Bürgerkrieg in Syrien: Hunderte Christen fliehen vor dem IS

Über 220 Assyrer wurden vom IS entführt und ihr Kulturerbe zerstört. Die Islamisten liefern sich derzeit heftige Kämpfe mit kurdischen Einheiten.

Das assyrische Dorf Abu Tina in der Provinz Hassaka wurde vom IS erobert. Bild: Reuters

BERLIN taz | Die Zahl der in der Provinz Hassaka im Nordosten Syriens verschleppten christlichen Assyrer ist offenbar höher als zunächst angenommen. Hatte die in London ansässige Syrische Beobachtungsstelle für Menschenrechte am Dienstag noch von mindesten 90 Entführten gesprochen, korrigierte sie die Zahl am Donnerstag auf mindestens 220.

Der assyrische Politiker Ablahd Kourieh sprach gegenüber Reuters gar von 350 bis 400 Christen, die von den Extremisten des Islamischen Staats (IS) gefangen genommen worden seien. Vermutlich wurden sie in Orte gebracht, die vom IS kontrolliert werden. Die Extremisten bekannten sich zunächst nicht zu der Tat.

In der Vergangenheit nutzte der IS in Syrien Entführte gelegentlich als Faustpfand, um sie gegen eigene Kämpfer auszutauschen, die von anderen bewaffneten Gruppen in gefangen genommen wurden. Letzte Woche hatten IS-Kämpfer in Libyen allerdings 21 gefangene koptische Ägypter ermordet. Hunderte von Assyrern sind inzwischen in die beiden größten Städte der Provinz geflohen, die Hauptstadt Hasaka und die syrisch-kurdische Hauptstadt Qamishli.

Auch Assyrer kämpfen auf der Seite der Kurden

Vermutlich hängen die Entführungen der Assyrer mit den Kämpfen zwischen dem IS und kurdischen Einheiten zusammen, die derzeit in der Provinz Hassaka stattfinden. Die Minderheit der Assyrer lebt in der Umgebung der kurdisch dominierten Provinzhauptstadt. Im Jahr 2011, vor Beginn der Massenproteste gegen das Regime von Baschar al-Assad, wurde ihre Zahl auf 30.000 geschätzt.

Nach Angaben der Beobachtungsstelle eroberte der IS in den vergangenen Tagen zehn Dörfer in der Region. Zuvor hatten kurdische Einheiten bei einer Offensive gegen den IS mehrere Dörfer in der Gegend zwischen Hasaka und der syrisch-kurdischen Hauptstadt Qamishli erobert. Auch Assyrer beteiligten sich aufseiten der Kurden an den Kämpfen. Daher könnt es sich bei den Entführungen auch um einen Racheakt handeln.

Im Nordirak zerstört der IS Kulturgüter aus Assyrien

Am Donnerstag bombardierte die von den USA angeführte Anti-IS-Koalition Stellungen der Extremisten in der Region.

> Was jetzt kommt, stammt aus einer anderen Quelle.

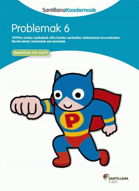 Problemak 6 : 9.999ra arteko zenbakiak zifra bateko zenbakiez biderkatzea bururakoekin : berrikusketa, batuketak eta kenketak [Lehen Hezkuntza 2] / testua, Beatriz Coullaut Zafra ... [et al.] ; irudiak, Goyo Rodriguez ; [hizkuntza-egokitzapena, Elisabet Gonzalez ; zuzenketa, Amaia Lasheras]
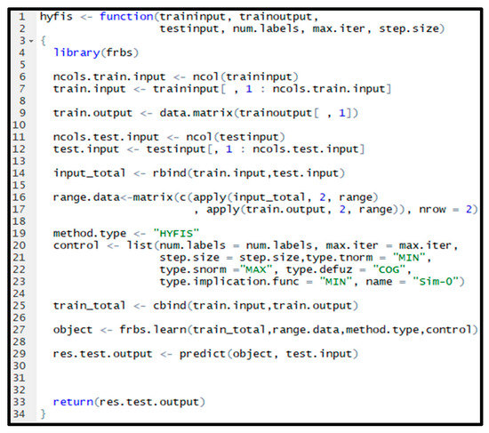 As it is visible in Figure 5, the hyfiz function in R receives three data sets as well as the needed variables to configure the method that the user can insert during the process of the forecasting. The traininput and trainoutput are used as the training data, and the testinput is meant to be used as the test data. Figure 6 presents the sequence of running the HyFIS method in R language.
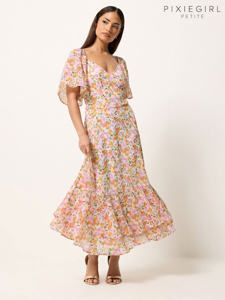 PixieGirl Petite Floral Chiffon Frill Tiered Dress
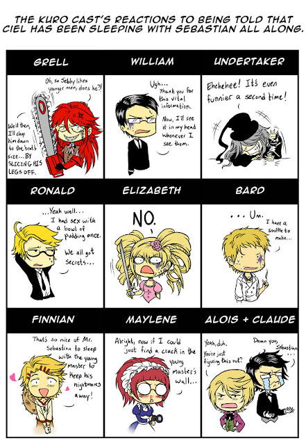 There were so many comments on this picture that were like,"Yay!! He's dead!!" Okay, I really didn't like Alois:Ask Demy. The kids a little shit. (Happy, kid? I used your favorite word) but I wasn't happy when he died. I felt bad for him, but that doesn't mean I like him. I don't think he's a slut either....
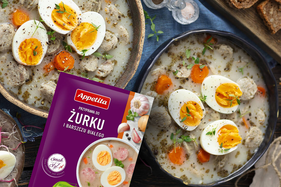 Barszcz biały z kiełbasą i jajkiem

Der Nordosten Syriens ist für den IS strategisch wichtig, weil er die von ihm in Syrien und im Irak gehaltenen Gebiete miteinander verbindet.

Die Assyrer sind eine ethnische Gemeinschaft, deren Ursprünge im antiken Mesopotamien liegen. Sie nahmen früh das Christentum an; heute folgen sie fünf verschiedenen christlichen Konfessionen. Nach dem Ersten Weltkrieg wurden sie als Flüchtlinge von den Franzosen in der heutigen Provinz Hasaka angesiedelt. Hoffnungen auf einen eigenen Staaten erfüllten sich nicht. Spuren ihrer alten Kultur finden sich auch heute noch in der ganzen Region.

Am Donnerstag meldete dpa, dass der IS im Nordirak einzigartige Kulturgüter aus altorientalischer Zeit zerstört hat. Bei vielen zertrümmerten Stücken handelt es sich demnach um mehr als 2.600 Jahre alte Originale aus Assyrien.